CASE expression WHEN choice THEN … ELSE … END CASE;
A single execution of an expression is in comparison with a number of choices, and the primary match decides which set of SQL statements needs to be executed. If none match, the elective ELSE block might be executed. - A searched CASE assertion
This assertion is the SQL Scripting model of the searched case expression.
CASE WHEN predicate THEN …. ELSE … END CASE;
The THEN block is executed for the primary of any predicates that consider to true. If none match, the elective ELSE block is executed.
For our collation script, a easy IF THEN END IF will suffice. You additionally want to gather the set of columns to use ANALYZE to and a few higher-order perform magic to supply the column checklist:
Nesting
What you may have written up to now works for particular person tables. What if you wish to function on all tables in a schema? SQL Scripting is absolutely composable. You possibly can nest compound statements, conditional statements, and loops inside different SQL scripting statements.
So what you’ll do right here is twofold:
- Add an outer FOR loop to seek out all tables inside a schema utilizing INFORMATION_SCHEMA.TABLES. As a part of this, it’s essential to substitute the references to the desk title variable with references to the outcomes of the FOR loop question.

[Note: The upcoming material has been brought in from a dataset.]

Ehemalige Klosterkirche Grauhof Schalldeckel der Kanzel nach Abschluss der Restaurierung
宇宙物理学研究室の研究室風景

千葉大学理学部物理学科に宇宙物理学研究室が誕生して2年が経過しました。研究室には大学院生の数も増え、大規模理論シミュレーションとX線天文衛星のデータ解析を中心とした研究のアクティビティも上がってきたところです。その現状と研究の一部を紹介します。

- Add a nested compound to maneuver the column checklist variable down into the outer FOR loop. You can not declare a variable immediately within the FOR loop physique; it doesn’t add a brand new scope. That is primarily a call associated to coding type, however you’ll have a extra severe purpose for a brand new scope..
This error is smart. You might have a number of methods to proceed:
- Filter out unsupported desk varieties, corresponding to views, within the info schema question. The issue is that there are quite a few desk varieties, and new ones are often added.

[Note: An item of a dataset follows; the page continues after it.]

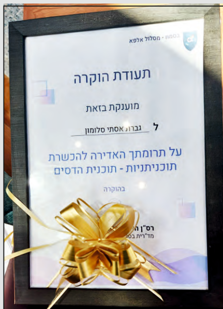
תעודת הוקרה לגייסת מרס"ן צבאי

במסגרת הקמפיין מתוכנן להתקיים ביום ד' טבת "זובינר" (היכרות עם תוכנית הדסים באופן מקוון באמצעות תוכנת הזום), שבמהלכו תציג מנהלת התוכנית א.ס. את פרטי התכנית וכן יינתן זמן לשאלות ותשובות. בפרסום נכתב כי יינתן בו מענה ל"כל מה שרצית לדעת ולא היה לך את מי לשאול. מה זה תוכנית הדסים ולמי היא מיועדת? מה

- Deal with views. That is a terrific thought. Let’s name that your homework task.
- Tolerating the error situation
Exception dealing with
A key functionality of SQL Scripting is the power to intercept and deal with exceptions. Situation handlers are outlined within the declaration part of a compound assertion, they usually apply to any assertion inside that compound, together with nested statements. You possibly can deal with particular error situations by title, particular SQLSTATEs dealing with a number of error situations, or all error situations. Inside the physique of the situation handler, you should utilize the GET DIAGNOSTICS assertion to retrieve details about the exception being dealt with and execute any SQL scripting you deem acceptable, corresponding to recording the error in a log or working an alternate logic to the one which failed. You possibly can then SIGNAL a brand new error situation, RESIGNAL the unique situation, or just exit the compound assertion the place the handler is outlined and proceed with the next assertion.
In our script, you wish to skip any assertion for which the ALTER TABLE DEFAULT COLLATION assertion didn’t apply and log the thing’s title.
Above, you may have developed an administrative script purely in SQL. You can even write ELT scripts and switch them into Jobs. SQL Scripting is a very highly effective device it’s best to exploit.
What to do subsequent
Whether or not you’re an present Databricks consumer or migrating from one other product, SQL Scripting is a functionality it’s best to use. SQL Scripting follows the ANSI normal and is absolutely appropriate with OSS Apache Spark™. SQL Scripting is described intimately in SQL Scripting | Databricks Documentation.
You can even use this pocket book to see for your self.